** Required action **
Each line in the material below, starting at the one with "Chanel White Knit" and ending at the one with "Chị Kim rớm", is to be reproduced exactly; no picture is to be copied.

** Input for this task **
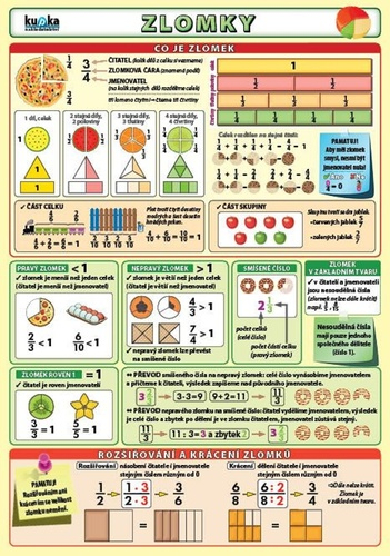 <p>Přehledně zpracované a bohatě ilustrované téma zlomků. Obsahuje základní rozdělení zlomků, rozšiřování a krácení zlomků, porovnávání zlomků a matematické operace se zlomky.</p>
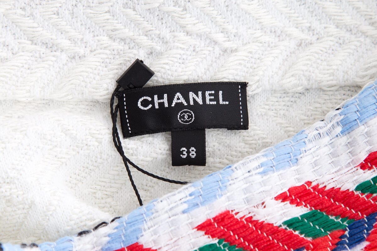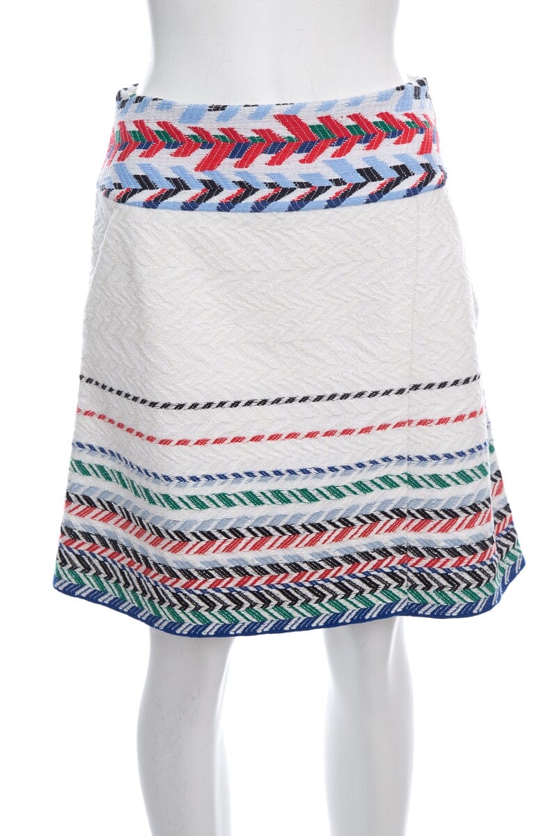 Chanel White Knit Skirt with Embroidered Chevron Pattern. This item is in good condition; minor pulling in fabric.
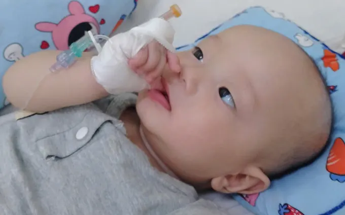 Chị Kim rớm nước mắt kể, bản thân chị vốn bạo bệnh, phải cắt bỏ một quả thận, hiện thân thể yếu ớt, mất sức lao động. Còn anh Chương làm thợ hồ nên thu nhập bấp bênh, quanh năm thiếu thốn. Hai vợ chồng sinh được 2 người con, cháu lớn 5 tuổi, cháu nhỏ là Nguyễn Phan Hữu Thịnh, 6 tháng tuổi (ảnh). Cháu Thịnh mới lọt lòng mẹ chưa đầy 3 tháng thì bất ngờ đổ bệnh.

==

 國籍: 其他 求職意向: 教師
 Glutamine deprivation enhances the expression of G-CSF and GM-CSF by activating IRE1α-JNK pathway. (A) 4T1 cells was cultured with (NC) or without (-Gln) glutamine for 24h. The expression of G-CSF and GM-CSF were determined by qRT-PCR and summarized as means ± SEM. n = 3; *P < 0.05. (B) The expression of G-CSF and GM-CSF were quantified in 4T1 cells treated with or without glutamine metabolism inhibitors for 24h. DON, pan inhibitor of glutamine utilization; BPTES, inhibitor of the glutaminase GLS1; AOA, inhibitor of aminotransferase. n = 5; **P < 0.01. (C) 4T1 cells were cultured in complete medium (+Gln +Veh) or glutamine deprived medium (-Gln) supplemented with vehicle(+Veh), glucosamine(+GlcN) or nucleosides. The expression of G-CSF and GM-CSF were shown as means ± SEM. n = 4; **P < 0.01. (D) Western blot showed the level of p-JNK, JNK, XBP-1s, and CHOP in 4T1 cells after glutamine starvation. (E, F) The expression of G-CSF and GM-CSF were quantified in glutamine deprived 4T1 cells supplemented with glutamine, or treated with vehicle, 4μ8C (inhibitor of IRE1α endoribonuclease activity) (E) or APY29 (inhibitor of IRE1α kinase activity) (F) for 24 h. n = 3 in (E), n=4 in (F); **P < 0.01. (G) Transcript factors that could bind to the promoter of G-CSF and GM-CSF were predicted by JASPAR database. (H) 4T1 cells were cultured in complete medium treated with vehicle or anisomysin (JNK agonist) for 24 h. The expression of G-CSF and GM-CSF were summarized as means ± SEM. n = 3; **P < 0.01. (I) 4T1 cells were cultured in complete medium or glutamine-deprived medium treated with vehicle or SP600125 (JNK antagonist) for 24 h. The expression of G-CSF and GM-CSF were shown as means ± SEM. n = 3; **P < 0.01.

** Your response **
 Chanel White Knit Skirt with Embroidered Chevron Pattern. This item is in good condition; minor pulling in fabric.
 Chị Kim rớm nước mắt kể, bản thân chị vốn bạo bệnh, phải cắt bỏ một quả thận, hiện thân thể yếu ớt, mất sức lao động. Còn anh Chương làm thợ hồ nên thu nhập bấp bênh, quanh năm thiếu thốn. Hai vợ chồng sinh được 2 người con, cháu lớn 5 tuổi, cháu nhỏ là Nguyễn Phan Hữu Thịnh, 6 tháng tuổi (ảnh). Cháu Thịnh mới lọt lòng mẹ chưa đầy 3 tháng thì bất ngờ đổ bệnh.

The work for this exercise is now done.